Aim of the task
Reproduce, without alteration, every line of the data; exclude the images.

Material provided
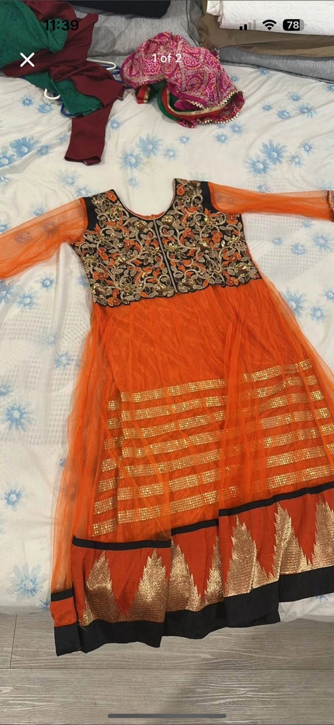 Beautiful orange and black kurta with intricate gold embroidery. Perfect for special occasions!
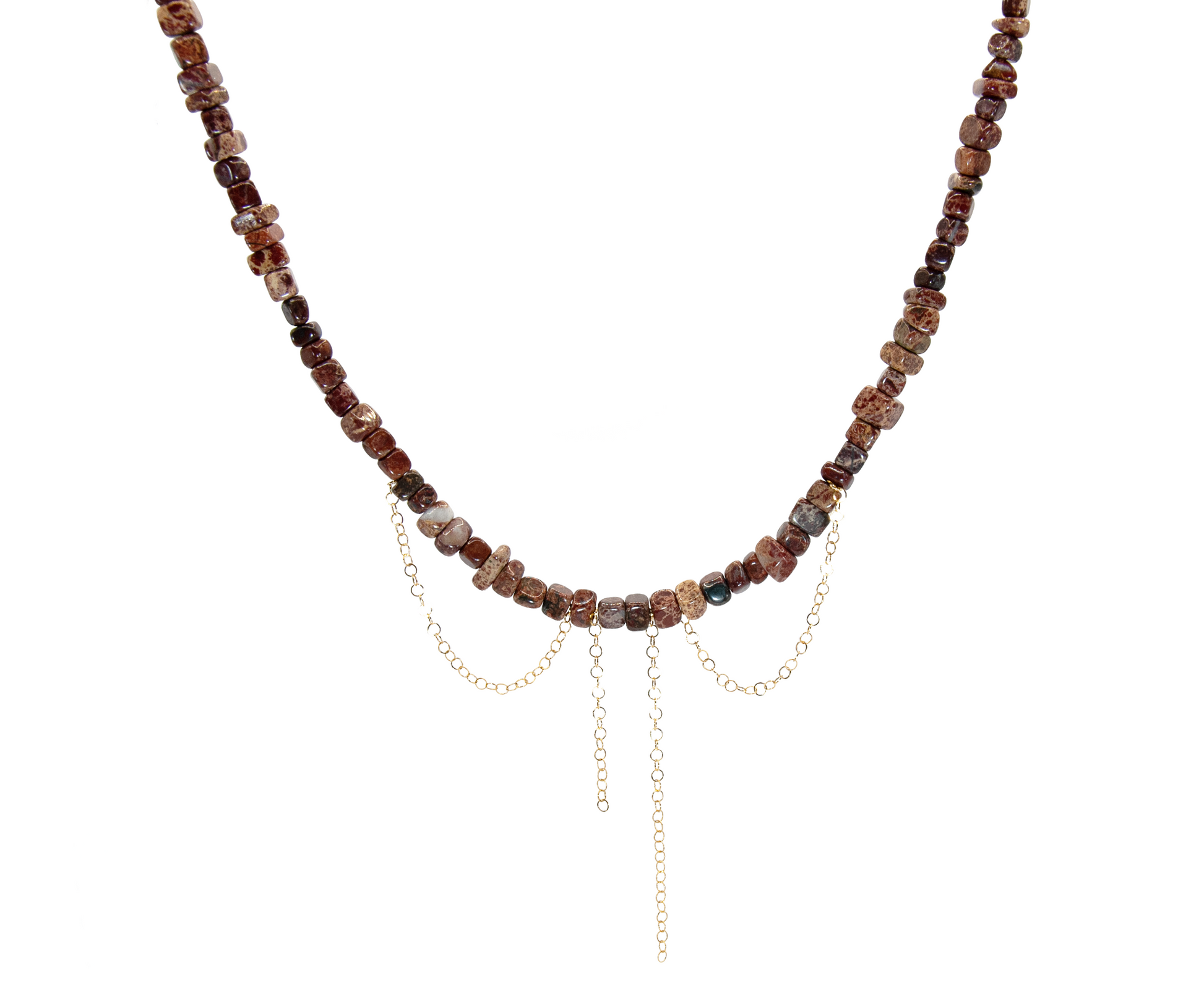 Colier realizat manual din pietre naturale de Jasp, combinat cu un lanț delicat din oțel inoxidabil placat cu aur de 18K. Pietrele își păstrează frumusețea naturală, fiecare având nuanțe și detalii unice, ceea ce face ca fiecare colier să fie deosebit.
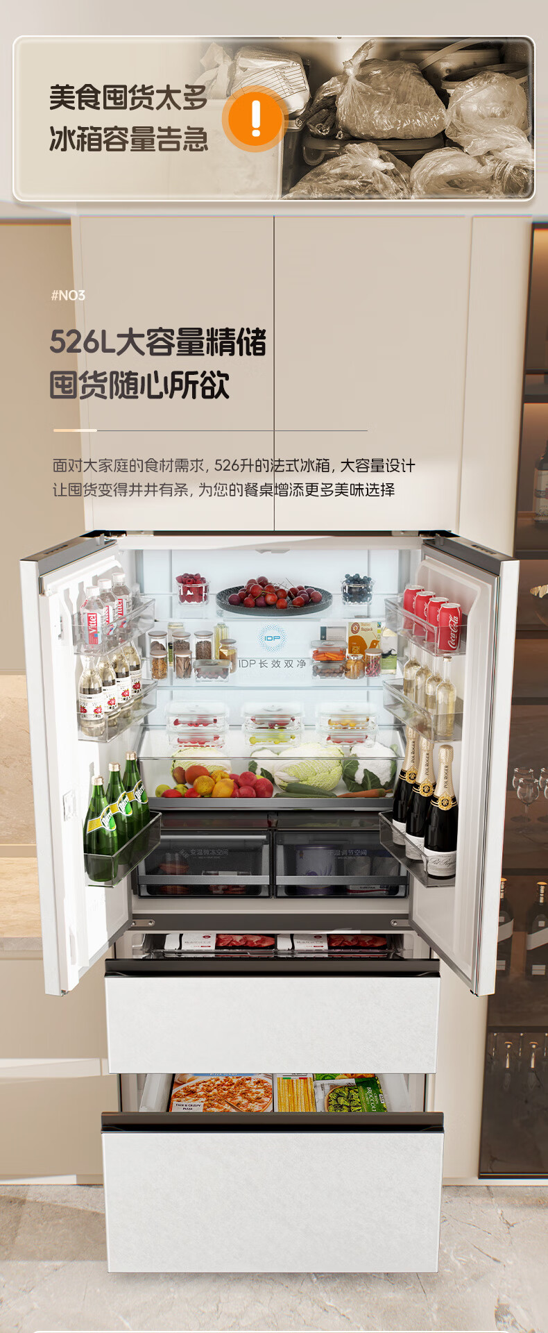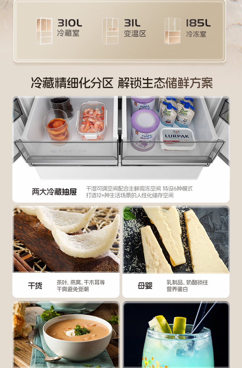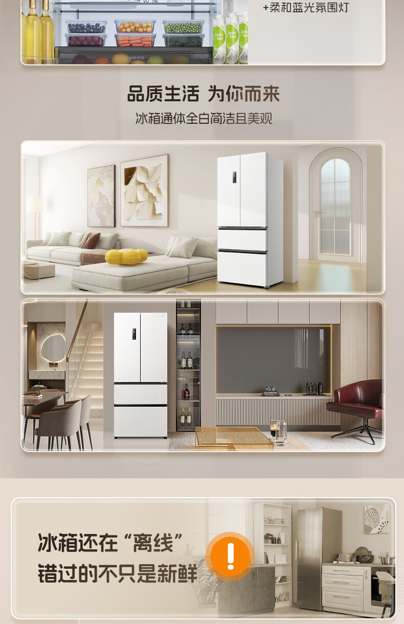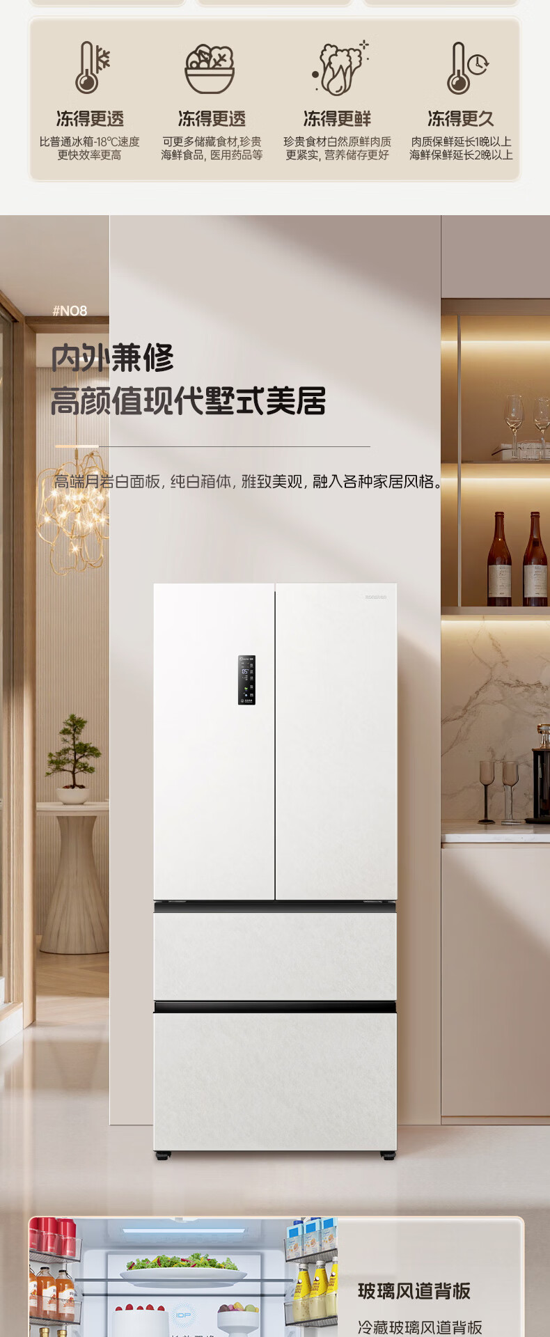 Rongsheng 526pro double purification double system circulation French multi-door four-door refrigerator household ice making first-class energy efficiency air-cooled frost-free BCD-526WD15MPA white national subsidy

Solution
 Beautiful orange and black kurta with intricate gold embroidery. Perfect for special occasions!
 Colier realizat manual din pietre naturale de Jasp, combinat cu un lanț delicat din oțel inoxidabil placat cu aur de 18K. Pietrele își păstrează frumusețea naturală, fiecare având nuanțe și detalii unice, ceea ce face ca fiecare colier să fie deosebit.
 Rongsheng 526pro double purification double system circulation French multi-door four-door refrigerator household ice making first-class energy efficiency air-cooled frost-free BCD-526WD15MPA white national subsidy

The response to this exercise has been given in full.